Sivagami "Shiva" Subbaraman was leading a workshop about making college campuses more gay-friendly in February 2008 when a Georgetown University student burst into the room with news: The university president had agreed to open a resource center for gay students and hire a full-time director to run it.
Everyone in the room laughed.
"Not Georgetown," Subbaraman recalls saying, astonished that a university founded by Jesuits was supporting so publicly a community that long has felt shunned by the Catholic Church. "You must mean at GW [George Washington University]."
But less than two months later, Subbaraman interviewed to be that director. She left her job at the University of Maryland's Office of Lesbian, Gay, Bisexual and Transgender Equity and, last August, helped open the LGBTQ Resource Center, the first of its kind at a Jesuit university in the United States. (At Georgetown, LGBTQ stands for lesbian, gay, bisexual, transgender and questioning.)

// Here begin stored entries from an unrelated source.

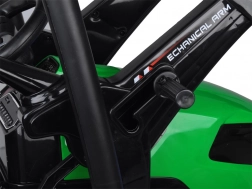 Obsługa jest prosta: przełącznik zapłonu włącza przednie światła, pedał dodaje gazu, a po jego zwolnieniu aktywuje się hamulec. Dźwignia zmiany biegów oferuje trzy tryby (wsteczny / wolno / szybko) z możliwością blokady wyższej prędkości na bezpieczny start. Panel multimedialny odtwarza dźwięki silnika, opowieści i piosenki oraz pozwala podłączyć własną muzykę przez Bluetooth, USB lub MP3. Kierownica zasilana bateriami 2×AA ma przyciski klaksonu.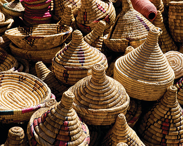 Handmade baskets fill every narrow alley in Moroccan souks, or markets. Handwoven from wicker, the baskets are bright and colorful, ranging in size from tabletop decorations to enormous bulk spice bins. They're often used as bread baskets in Morocco, and I recommend the same application. Take a stab at a traditional Berber skillet bread and show off your handiwork in a wide, open-brim basket. I prefer one with bright colors and patterns to contrast with a minimal, white place setting. For an extra layer of texture, loosely wrap the breads in a linen towel in the basket, which will help keep them warm.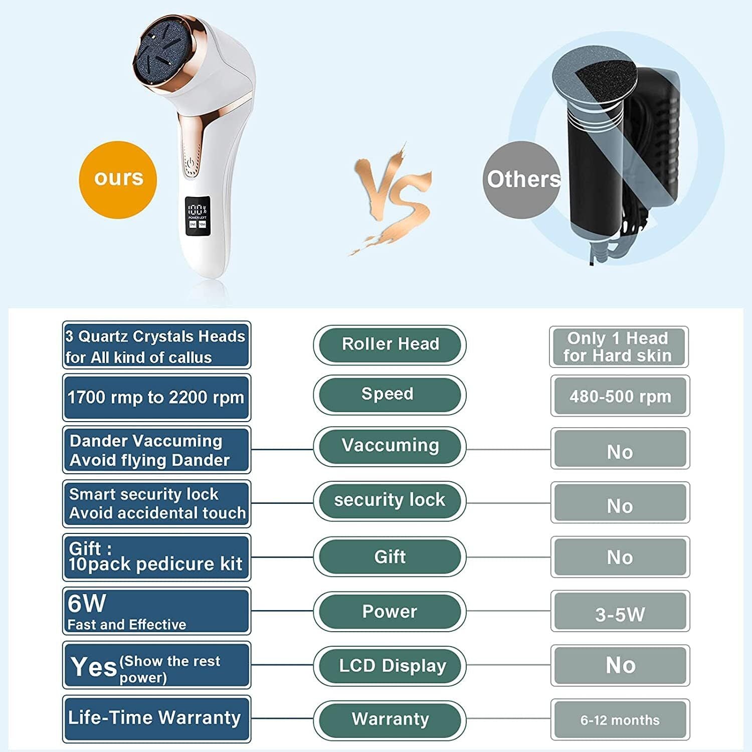 Pedicure kit with 3 Grinding Head, 2 Speed, with VACUUM ABSORPTION:3 Quartz Crystals Removable Roller Heads and 2 Speed Correspond to the roughness required to remove the calluses on the feet. UPGRADE powerful callus remover with dander vacuum cleaner quickly sucks away foot scraps, cle.an and hygienic, and sucks while grinding. dust-free, and foot scraps will not be scattered in air or floor, an essential home pedicure kit for people who has cleanliness.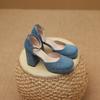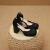 3359-1 Temperament Muse waterproof table square head hollow high heels women's new fashion word with thick heel single shoes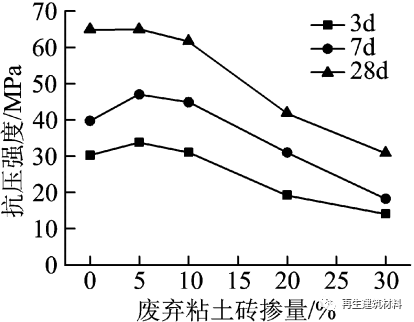 (3) 摻量大于 10% 后,廢棄混凝土水泥膠砂強度較廢棄粘土磚水泥的高。廢棄混凝土中含有部分未水化的水泥顆粒, 具有一定的水化活性。同時廢棄混凝土中碳酸鈣含量高, 在水化過程可與熟料的C3A 和 C4AF 反應生成水化碳鋁酸鈣 , 可以與其他水化產(chǎn)物相互搭接,使體系結(jié)構更加密實,增強體系的強度。

"This is the biggest unmapped frontier in faith," said Subbaraman, a lesbian who grew up in a Hindu family in India and attended a Catholic high school and college.
The center has two full-time staff members, a rarity at college resource centers, who provide training sessions and workshops for faculty members and student leaders. They also help students find services on campus and plan events such as Coming Out Week festivities in October and Lavender Graduation, an additional graduation ceremony for gay students.